Parameters of probability distributions and the binomial distribution

03/03/2021

Instructions:

Use the left and right arrow keys to navigate the presentation forward and backward respectively. You can also use the arrows at the bottom right of the screen to navigate with a mouse.

FAIR USE ACT DISCLAIMER:
This site is for educational purposes only. This website may contain copyrighted material, the use of which has not been specifically authorized by the copyright holders. The material is made available on this website as a way to advance teaching, and copyright-protected materials are used to the extent necessary to make this class function in a distance learning environment. The Fair Use Copyright Disclaimer is under section 107 of the Copyright Act of 1976, allowance is made for “fair use” for purposes such as criticism, comment, news reporting, teaching, scholarship, education and research.

Outline

The following topics will be covered in this lecture:
- Review of mean, standard deviation and variance of probability distribution
- Binomial distribution
- Parameters of the binomial distribution

Motivation

Our goal in this course is to use statistics from a small, representative sample to say something general about the larger, unobservable population or phenomena.

Recall, the measures of the population are what we referred to as parameters.
Parameters are generally unknown and unknowable.

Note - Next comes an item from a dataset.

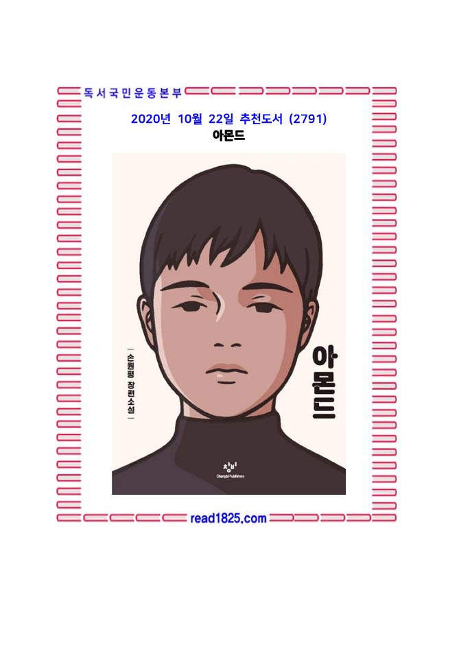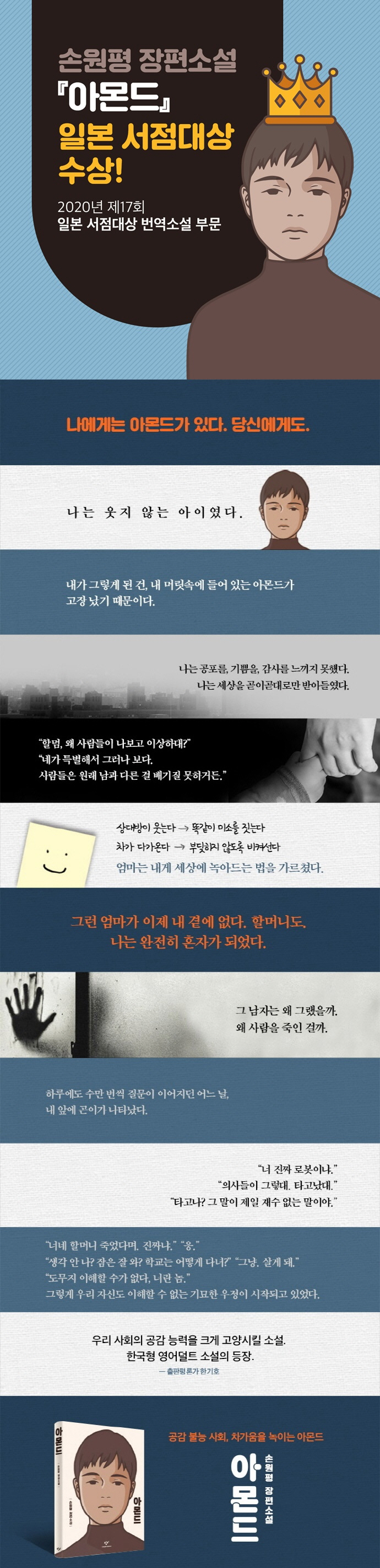 한국형 영어덜트 소설의 등장. 각박한 현실을 반영하듯 최근 영어덜트물의 경향은 주인공들이 극한의 고뇌를 겪거나 ‘삶 아니면 죽음’이라는 가혹한 선택에 직면한다는 것이다. 『아몬드』의 주인공 윤재도 마찬가지다. 윤재는 감정이 고장 난 아이다. 그러나 우리 사회에서 과연 윤재가 특별하고 별난 경우라고 볼 수 있을까? 공감을 잃어버린 시대에, 이 소설은 우리에게 타자를 상기시키고 고통을 표현하며 다른 삶을 상상하게 한다. 비극적인 존재들이 서로의 아픔과 상처를 온몸으로 끌어안고 고통 위를 기어 조금씩 앞으로 나아갈 것임을 예감케 한다. 내가 아닌 타인에 대해 상상해 보는 것은 공감의 씨앗이다. 그리고 그 씨앗이 바로 우리가 믿을 수 있는 유일한 약속이자 희망이다. 신체는 커 버렸지만 감정적으로는 성장하지 못한 사람들이 넘쳐나는 현실, 『아몬드』는 고통과 공감의 능력을 깨우치게 할 강력한 소설로, 침체된 한국 소설시장에 파장을 몰고 올 것이다. -출판평론가 한기호

If we have a representative sample we can compute the sample mean.
The sample mean will almost surely not equal population mean, due to the natural variation (sampling error) that occurs in any given sample.

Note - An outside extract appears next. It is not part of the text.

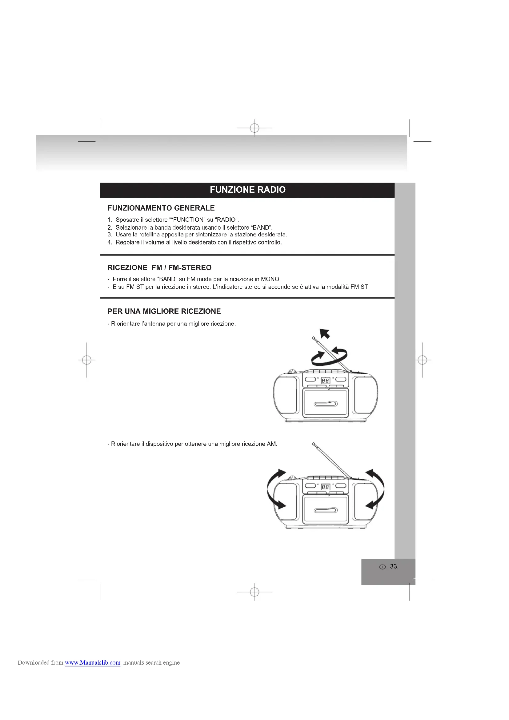 - Porre il selettore “BAND” su FM mode per la ricezione in MONO.- E su FM ST per la ricezione in stereo. L’indicatore stereo si accende se è attiva la modalità FM ST.1. Sposatre il selettore ““FUNCTION” su “RADIO”.2. Selezionare la banda desiderata usando il selettore “BAND”.3. Usare la rotellina apposita per sintonizzare la stazione desiderata.4. Regolare il volume al livello desiderato con il rispettivo controllo.- Riorientare l’antenna per una migliore ricezione.- Riorientare il dispositivo per ottenere una migliore ricezione AM. Downloaded from www.Manualslib.com manuals search engine34. FUNZIONAMENTO PLAYER FUNZIONAMENTO GENERALE 1. Porre su “FUNCTION” il selettore sulla modalità “TAPE”.2. Premere il tasto “STOP / EJECT” per aprire lo sportellino ed inserire la cassetta.3. Chiudere lo sportellino.4. Premere il tasto “PLAY” per iniziare la riproduzione.5. Regolare il volume al livello desiderato con il rispettivo controllo.6. Premere il tasto “PAUSE” ancora quando si vuole fermare la riproduzione temporaneamente.7. Premere il tasto “STOP / EJECT” quando si finisce.PLAY Premere per iniziare la riproduzione.PAUSE Premere il tasto “PAUSE”ancora quando si vuole fermare la riproduzione temporaneamente. Premere di nuovo per riprendere la riproduzione.STOP / EJECT Premere per fermare tutte le operazioni in atto. Premere di nuovo per aprire lo sportellino dopo aver fermato la. FAST FORWARD Premere per far scorrere velocemente il nastro in avanti.REWIND Premere per far scorrere velocemente il nastro indietro.RECORD/PLAY / Premere insieme a “PLAY” per iniziare la registrazione. / Premere per iniziare la riproduzione. RIPRODUZIONE 1. Premere “STOP / EJECT” per aprire lo sportellino ed inserire una cassetta vergine.2. Selezionare da quale fonte si vuole registrare. Per registrare dalla radio – porre “FUNCTION” su “RADIO” e sintonizzare la stazione desiderata. Per registrare da CD / MP3 – porre un disco sul piatto. porre “FUNCTION” su “CD / MP3” e selezionare la traccia desiderata.3. Premere insieme i tasti “RECORD” e “PLAY” per cominciare la registrazione.4. Premere “STOP / EJECT” quando si finisce. REGISTRAZIONE FUNZIONAMENTO CD OPERAZIONIGENRALI PLAY / PAUSE Premere per riprodurre un disco CD.Premere ancora per fermare la riproduzione di un disco CD.Premere ancora per riprenderne la riproduzione.SKIP + & Premere per andare alla prossima o alla precedente traccia.SKIP - Premere e tenere premuto finché si trova il punto della canzone voluto.STOP Premere per terminare le operazioni USB / SD. Downloaded from www.Manualslib.com manuals search engine35. RIPRODUZIONE 1. Porre su “FUNCTION” il selettore sulla modalità “TAPE”.2. Aprire la porta del CD e mettere un disco CD con l’etichetta all’insù nel vano CD.3. Chiudere lo sportellino.4. Quando il disco è all’interno inizia la ricerca delle info sul disco. Apparirà il numero totale delle tracce sul display.5. Premere il tasto “PLAY / PAUSE” per iniziare la riproduzione.6. Regolare il volume al livello desiderato con il rispettivo controllo.7. Premere il tasto “PLAY / PAUSE”ancora quando si vuole fermare la riproduzione temporaneamente.8. Premere il tasto “STOP” quando si finisce. FUNZIONE CD PROGRAMMA Premere il tasto “REPEAT” prima o durante la riproduzione audio CD, una traccia o tutte le tracce saranno ripetute. premendo la funzione mode cambia da:1 - RIPETI 1 ( L’indicatore lampeggia)2 - RIPETI TUTTO ( L’indicatore è acceso fisso)3 - RIPRODUZIONE NORMALESi possono programmare fino a 20 tracce in qualsiasi ordine.Premere “STOP” prima di cominciare.1. Premere il tasto “PROGRAM”, il display mostrerà “P01” e lampeggerà.2. Selezionare la traccia desiderata usando il tasto “SKIP-. ( Si può scegliere un album premendo “ALBUM UP”).3. Premere “Program” di nuovo, per confermare la traccia nella memoria del programma.4. Ripetere i passi 2 e 3 per inserire tracce addizionali nella memoria del programma.5. Quando tutte le tracce sono state programmate Premere “PLAY / PAUSE” per ottenere la riproduzione come da programma. Lampeggerà la spia.6. Premere due volte “STOP” per terminare la riproduzione del programma, e la spia si spegnerà.

Random variables and probability distributions give us the model for estimating population parameters.
Generally, we will have to be satisfied with estimates of the parameters that are uncertain, but also include measures of “how uncertain”.

Characteristics of data

Diagram of the percent of outcomes contained within each standard deviation of the mean
for a standard normal distribution.

Courtesy of M. W. Toews CC via Wikimedia Commons.

In statistics, we try to characterize data and populations by a number of the features that they exhibits.
For a single variable, the most common measures are:

Center: A representative value that indicates where the middle of the data set is located.
Spread: A measure of the amount that the data values vary around the center.

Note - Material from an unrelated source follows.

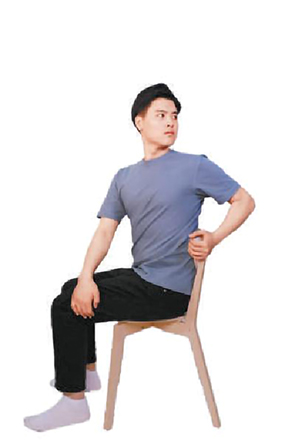 身体正坐,以左侧为例,左手扶握左侧椅背上方,右手扶住左腿外侧固定,向左侧转腰至最大限度,停10秒。此动作左右交替转动10次。

We saw last time how the mean and standard deviation are related quantities describing these features of sample data or a population.
The above figure represents the theoretic description of a normal population.
In particular:

\( \approx 68\% \) of the population lies within one standard deviation of the mean, \( [\mu - \sigma, \mu+\sigma] \);
\( \approx 95\% \) of the population lies within two standard deviations of the mean, \( [\mu - 2 \sigma , \mu + 2 \sigma] \)
\( \approx 99.7% \) of the population lies within three standard deviations of the mean, \( [\mu - 3 \sigma, \mu + 3 \sigma] \).

This is known as the empirical rule, which holds for all normal populations.
Sample data will tend to follow this, but not exactly, if the measurements come from a normal population.

Chebyshev's Theorem

A very similar rule is known as Chebyshev’s theorem:
The proportion (or fraction) of any set of data lying within \( K \) standard deviations of of the mean is always at least \( 1-\frac{1}{K^2} \) where \( K>1 \).
Q: suppose \( K=2 \), what does this statement tell us?

For \( K=2 \), we say at least \[ 1 - \frac{1}{2^2} = 1 - \frac{1}{4} = \frac{3}{4} \] of data lies within \( K=2 \) standard deviations of the mean.
Note, this holds for any distribution whereas the empirical rule only holds for normal data.
If we know the population is in fact normal, then \( 95\% > 75\% =1 - \frac{1}{2^2} \) of the population lies within \( K=2 \) standard deviations of the mean.

We note thus there are two major differences between Chebyshev’s theorem and the empirical rule:

The empirical rule only holds for normal data, while Chebyshev’s theorem holds for any type of data.
However, Chebyshev’s theorem is only a lower bound on at least how much data lies within standard deviations and is a much weaker statement on how much.

In either case, these parameters tell us a lot about the center and spread of data, with some qualifications.
We will now recall how we compute the mean, variance and standard deviation from a probability distribution.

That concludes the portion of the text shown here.